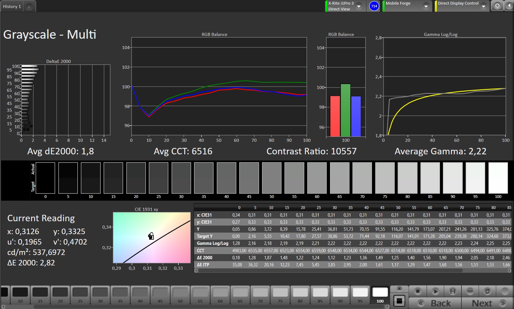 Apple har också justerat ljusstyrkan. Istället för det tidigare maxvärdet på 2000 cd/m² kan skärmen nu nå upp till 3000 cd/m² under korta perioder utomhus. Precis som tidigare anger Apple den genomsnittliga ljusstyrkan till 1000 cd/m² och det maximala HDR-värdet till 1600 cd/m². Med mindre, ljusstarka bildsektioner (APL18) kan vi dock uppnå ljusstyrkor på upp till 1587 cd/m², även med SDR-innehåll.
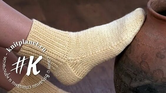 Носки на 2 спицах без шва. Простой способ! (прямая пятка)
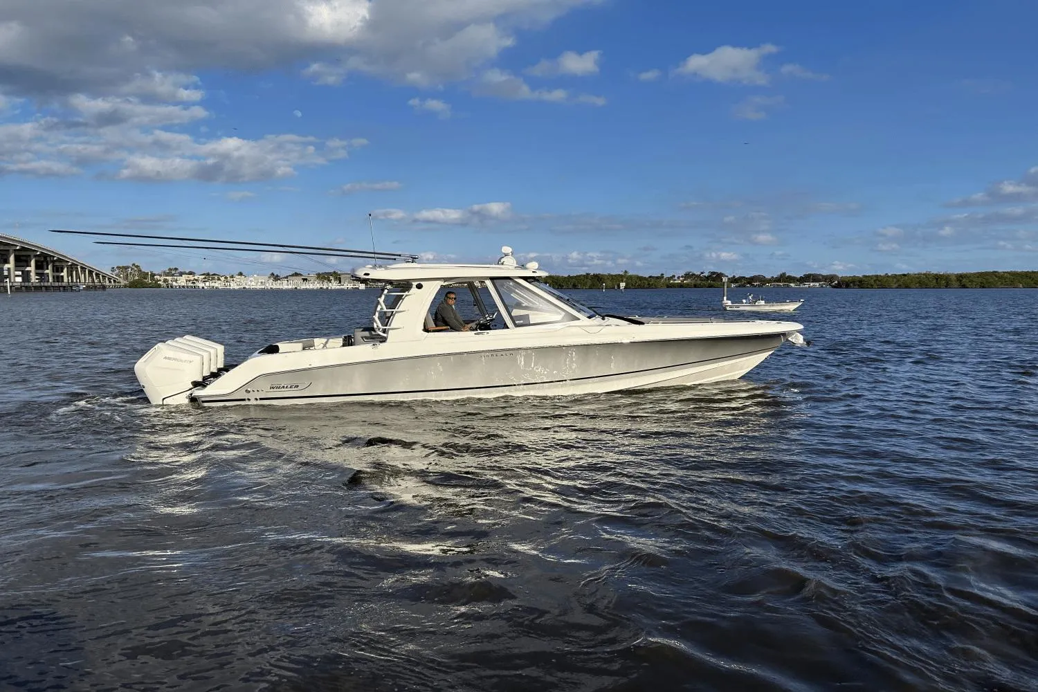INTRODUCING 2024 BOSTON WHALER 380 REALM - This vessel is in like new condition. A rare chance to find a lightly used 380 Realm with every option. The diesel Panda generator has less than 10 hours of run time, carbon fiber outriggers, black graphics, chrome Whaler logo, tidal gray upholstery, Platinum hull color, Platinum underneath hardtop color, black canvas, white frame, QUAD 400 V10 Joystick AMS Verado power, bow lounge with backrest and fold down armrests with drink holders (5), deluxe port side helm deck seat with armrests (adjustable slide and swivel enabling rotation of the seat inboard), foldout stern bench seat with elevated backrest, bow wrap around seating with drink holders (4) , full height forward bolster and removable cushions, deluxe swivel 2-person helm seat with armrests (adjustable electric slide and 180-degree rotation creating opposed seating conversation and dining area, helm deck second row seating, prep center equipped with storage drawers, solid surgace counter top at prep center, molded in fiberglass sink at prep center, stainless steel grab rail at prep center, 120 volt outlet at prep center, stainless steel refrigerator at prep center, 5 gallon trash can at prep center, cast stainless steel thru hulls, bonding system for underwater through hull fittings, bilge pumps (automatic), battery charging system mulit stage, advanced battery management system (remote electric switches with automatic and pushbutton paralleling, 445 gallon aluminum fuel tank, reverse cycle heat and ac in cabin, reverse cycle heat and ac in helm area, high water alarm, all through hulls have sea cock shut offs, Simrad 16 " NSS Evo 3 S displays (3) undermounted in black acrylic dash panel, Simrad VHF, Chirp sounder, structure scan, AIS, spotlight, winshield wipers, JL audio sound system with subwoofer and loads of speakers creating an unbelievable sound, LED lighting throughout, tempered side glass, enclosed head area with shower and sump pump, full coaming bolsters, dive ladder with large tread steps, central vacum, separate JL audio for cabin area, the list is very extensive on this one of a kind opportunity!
* * *
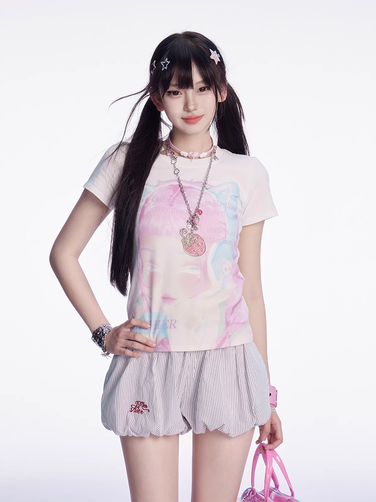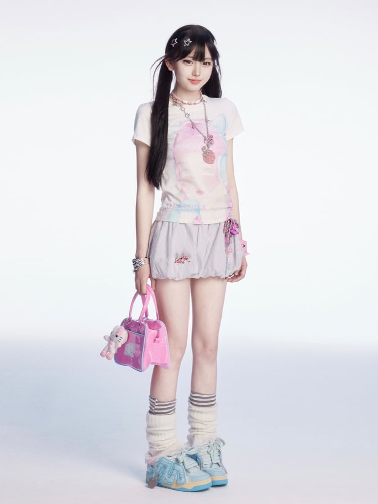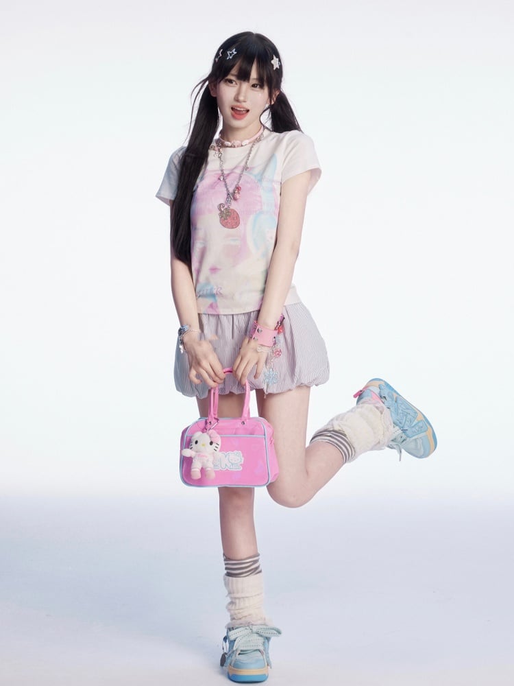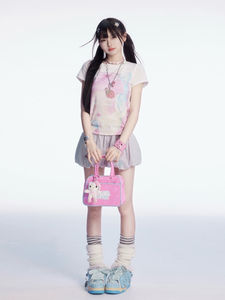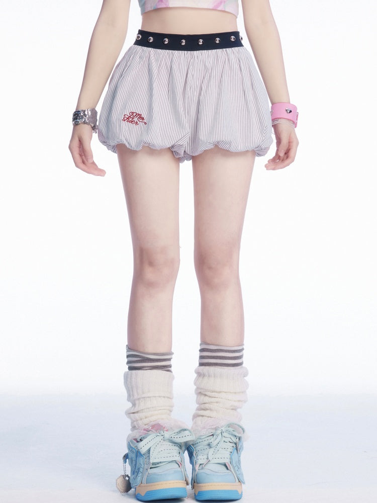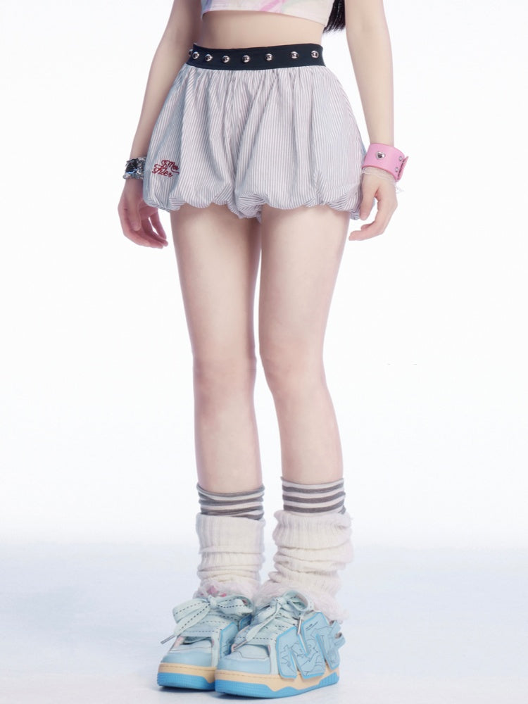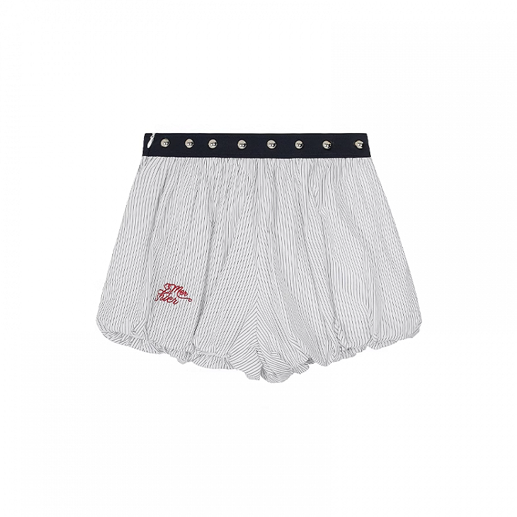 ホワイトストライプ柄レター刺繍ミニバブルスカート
* * *
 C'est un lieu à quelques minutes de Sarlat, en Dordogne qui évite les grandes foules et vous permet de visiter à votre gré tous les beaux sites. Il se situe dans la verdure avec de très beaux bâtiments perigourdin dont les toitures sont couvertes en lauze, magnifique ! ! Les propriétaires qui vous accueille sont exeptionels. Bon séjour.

Your assignment: The material above holds pictures; leave them out and set down exactly the lines from the line with "Apple har också" to the line with "Носки на 2 спицах", both included.

Completed task:
 Apple har också justerat ljusstyrkan. Istället för det tidigare maxvärdet på 2000 cd/m² kan skärmen nu nå upp till 3000 cd/m² under korta perioder utomhus. Precis som tidigare anger Apple den genomsnittliga ljusstyrkan till 1000 cd/m² och det maximala HDR-värdet till 1600 cd/m². Med mindre, ljusstarka bildsektioner (APL18) kan vi dock uppnå ljusstyrkor på upp till 1587 cd/m², även med SDR-innehåll.
 Носки на 2 спицах без шва. Простой способ! (прямая пятка)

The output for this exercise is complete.